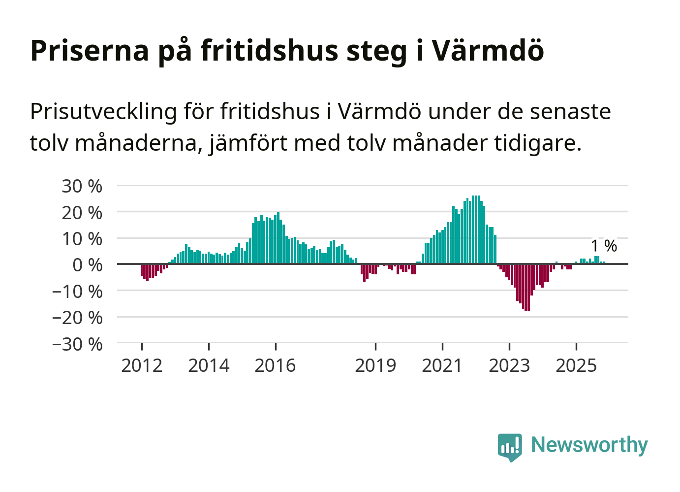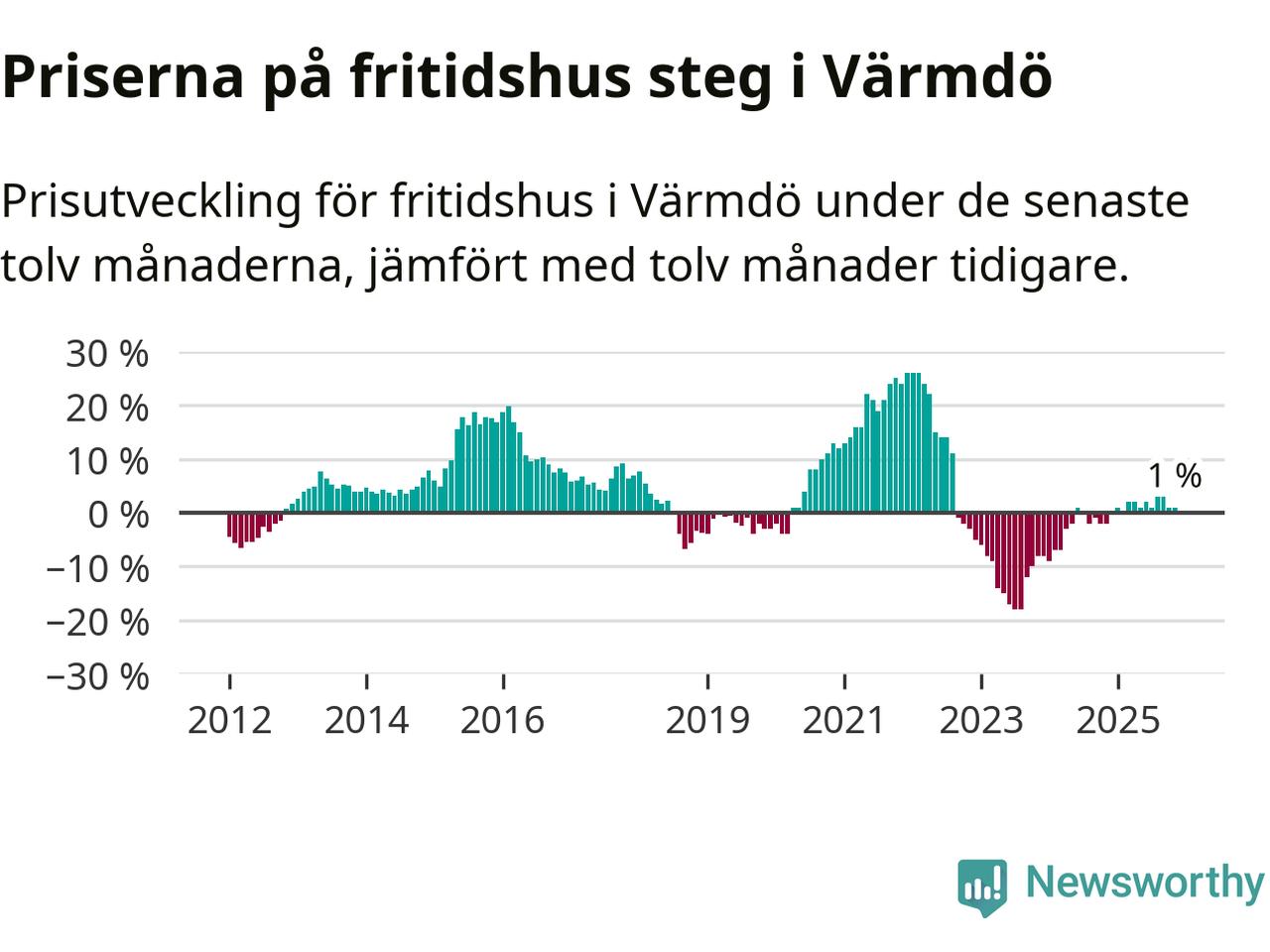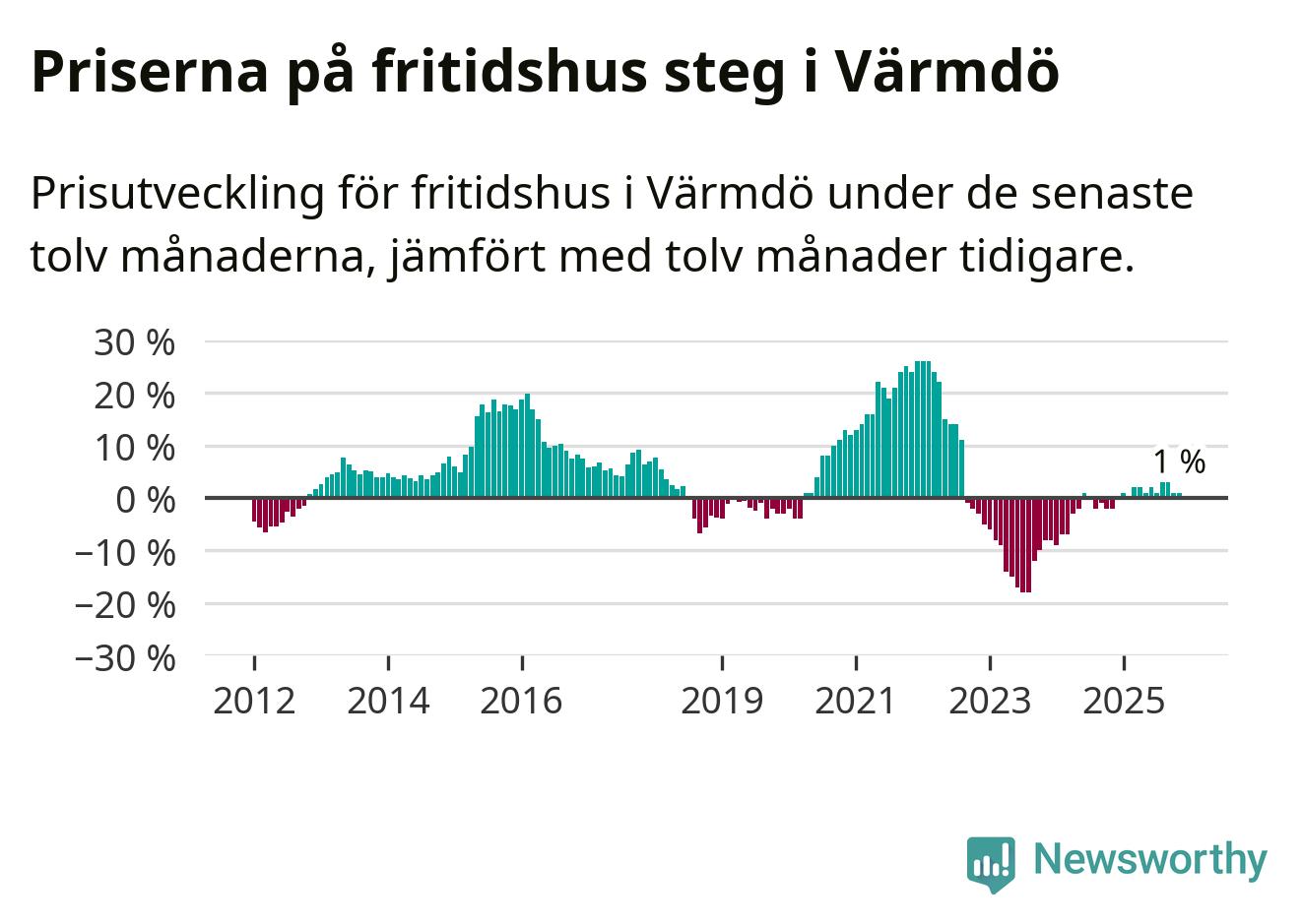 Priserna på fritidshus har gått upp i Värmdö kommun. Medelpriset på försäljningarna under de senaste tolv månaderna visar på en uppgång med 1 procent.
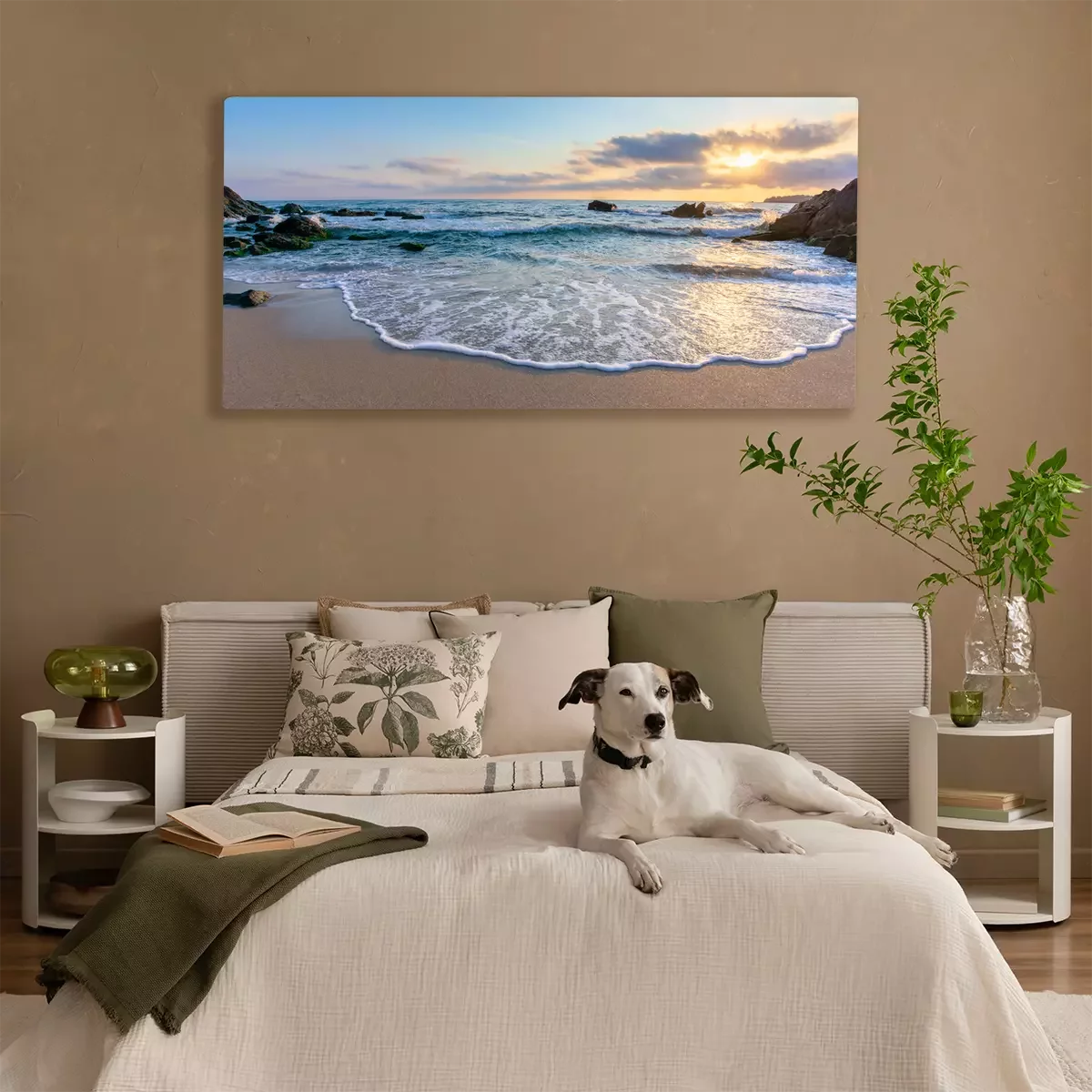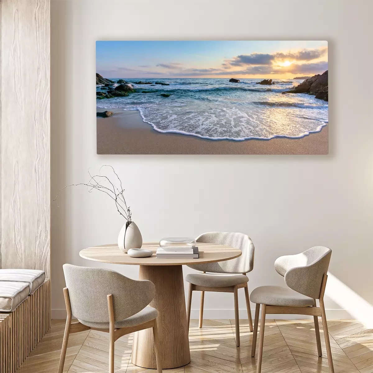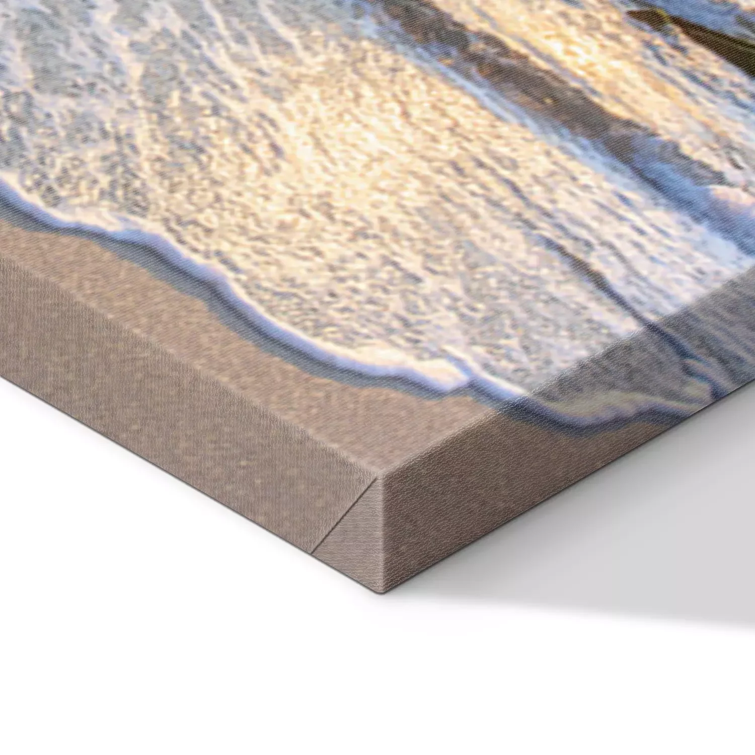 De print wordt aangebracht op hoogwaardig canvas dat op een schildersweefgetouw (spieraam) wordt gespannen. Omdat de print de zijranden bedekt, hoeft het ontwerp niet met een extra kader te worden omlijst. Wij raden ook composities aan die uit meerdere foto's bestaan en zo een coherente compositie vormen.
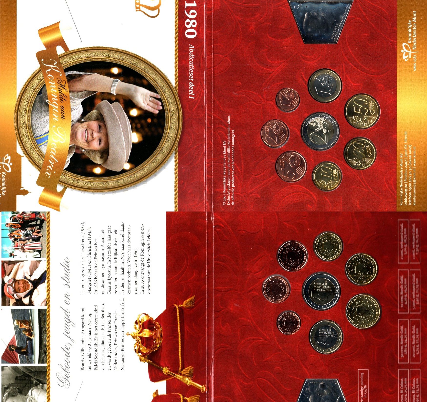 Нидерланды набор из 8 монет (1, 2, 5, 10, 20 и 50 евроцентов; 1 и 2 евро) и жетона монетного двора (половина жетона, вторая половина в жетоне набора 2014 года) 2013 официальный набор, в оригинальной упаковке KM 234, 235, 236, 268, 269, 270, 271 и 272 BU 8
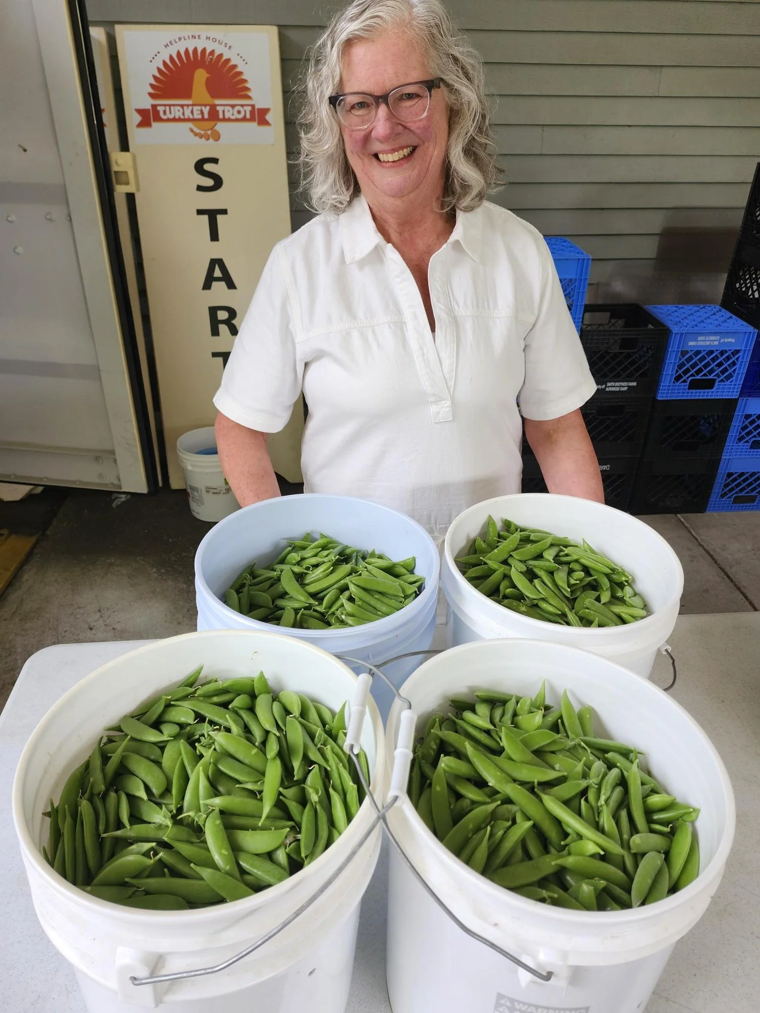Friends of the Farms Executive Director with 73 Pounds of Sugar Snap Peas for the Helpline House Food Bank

▸ **Exercise brief**: Retype each line above exactly and leave out any picture.

▸ **Your solution**:
 Priserna på fritidshus har gått upp i Värmdö kommun. Medelpriset på försäljningarna under de senaste tolv månaderna visar på en uppgång med 1 procent.
 De print wordt aangebracht op hoogwaardig canvas dat op een schildersweefgetouw (spieraam) wordt gespannen. Omdat de print de zijranden bedekt, hoeft het ontwerp niet met een extra kader te worden omlijst. Wij raden ook composities aan die uit meerdere foto's bestaan en zo een coherente compositie vormen.
 Нидерланды набор из 8 монет (1, 2, 5, 10, 20 и 50 евроцентов; 1 и 2 евро) и жетона монетного двора (половина жетона, вторая половина в жетоне набора 2014 года) 2013 официальный набор, в оригинальной упаковке KM 234, 235, 236, 268, 269, 270, 271 и 272 BU 8
Friends of the Farms Executive Director with 73 Pounds of Sugar Snap Peas for the Helpline House Food Bank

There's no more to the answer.